From May 1, 2011, traditional herbal medicine must be licensed or prescribed by a registered herbalist to comply with the EU Directive passed in 2004. The directive was introduced in response to growing concerns about side effects caused by herbal medicines.
The UK Medicines and Healthcare products Regulatory Agency (MHRA) has issued more than a dozen safety alerts in the past two years, including the banned toxic plant derivative Aristolochia, which caused kidney failure in two women. Also includes warnings.
Herbal medicine experts argue that testing costs make it impossible for most herbal medicines to meet the same safety and quality approval requirements as pharmaceuticals.
According to the Alliance for Natural Health (ANH), which represents herbal practitioners, none of the products used in traditional Chinese or Ayurvedic medicine are approved. In Europe, around 200 products from 27 different plants are licensed, while in the UK alone he uses 300 different plants.
ANH estimates the cost of obtaining a license to be between £80,000 and £120,000 per herb. They say this is affordable for single herbal products with large markets, such as echinacea, a cold and flu treatment, but puts small producers of multi-herb medicines out of business. They say it will happen.
Under EU law, legally regulated herbalists will be allowed to continue prescribing unlicensed products. However, the Coalition government and the previous Labor government delayed plans to introduce a statutory herbalist registration system.
This means that thousands of patients who rely on herbal remedies face being denied access to them. Health authorities including the MHRA have warned that the move could lead to patients obtaining herbal medicines over the internet, which is a far greater risk.

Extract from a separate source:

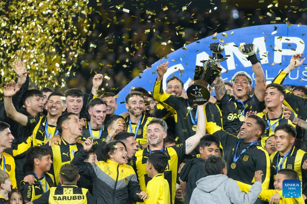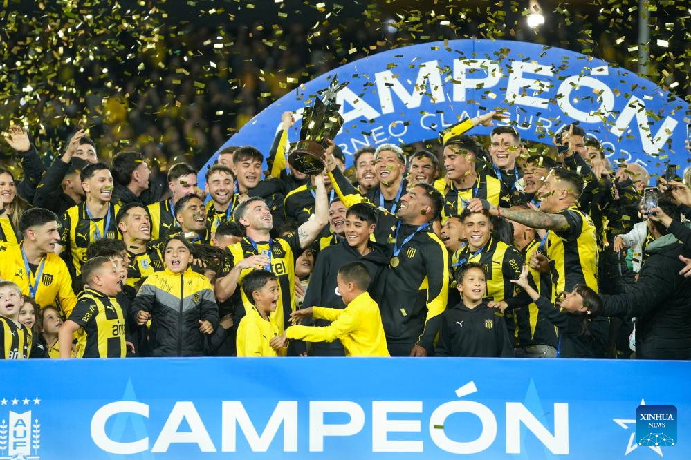 MONTEVIDEO, 3 noviembre, 2025 (Xinhua) -- Imagen del 2 de noviembre de 2025 de jugadores de Peñarol festejando con la copa después de ganar el partido correspondiente al Torneo Clausura del Campeonato Uruguayo de Fútbol ante Defensor Sporting, celebrado en el Estadio Campeón del Siglo, en Montevideo, capital de Uruguay. (Xinhua/Nicolás Celaya)

Michael McIntyre, president of the European Association of Herbal and Traditional Medicine Doctors, said: “The problem is that many herbal medicines are grown in people’s backyards and cannot be patented, so they cannot be licensed. It’s serious. Patients want to be treated by trained and qualified doctors, but without regulation, they can’t trust who is treating them. The worst outcome is that patients want to be treated by trained and qualified doctors. It means you’re getting herbal medicine. There’s no control.”
Dr Rob Verkerk from ANH said: “Thousands of people across Europe rely on herbal medicine to improve their quality of life. They are not taking herbal medicine because they are sick, but because they are healthy. “You’re taking it to maintain yourself. If you’re on these medications,” he said. Once they are taken off the market, people will try to find them elsewhere, such as on the internet, but there is a risk of getting a low-quality product that doesn’t work or is contaminated with foreign substances. . ”
The MHRA announced that it had received 166 herbal product license applications, of which 78 had been approved. MHRA chairman Sir Alasdair Breckenridge said registering herbalists was essential. “Just because it’s natural doesn’t mean it’s safe,” he says. “It is very important that trained and responsible people prescribe these products.”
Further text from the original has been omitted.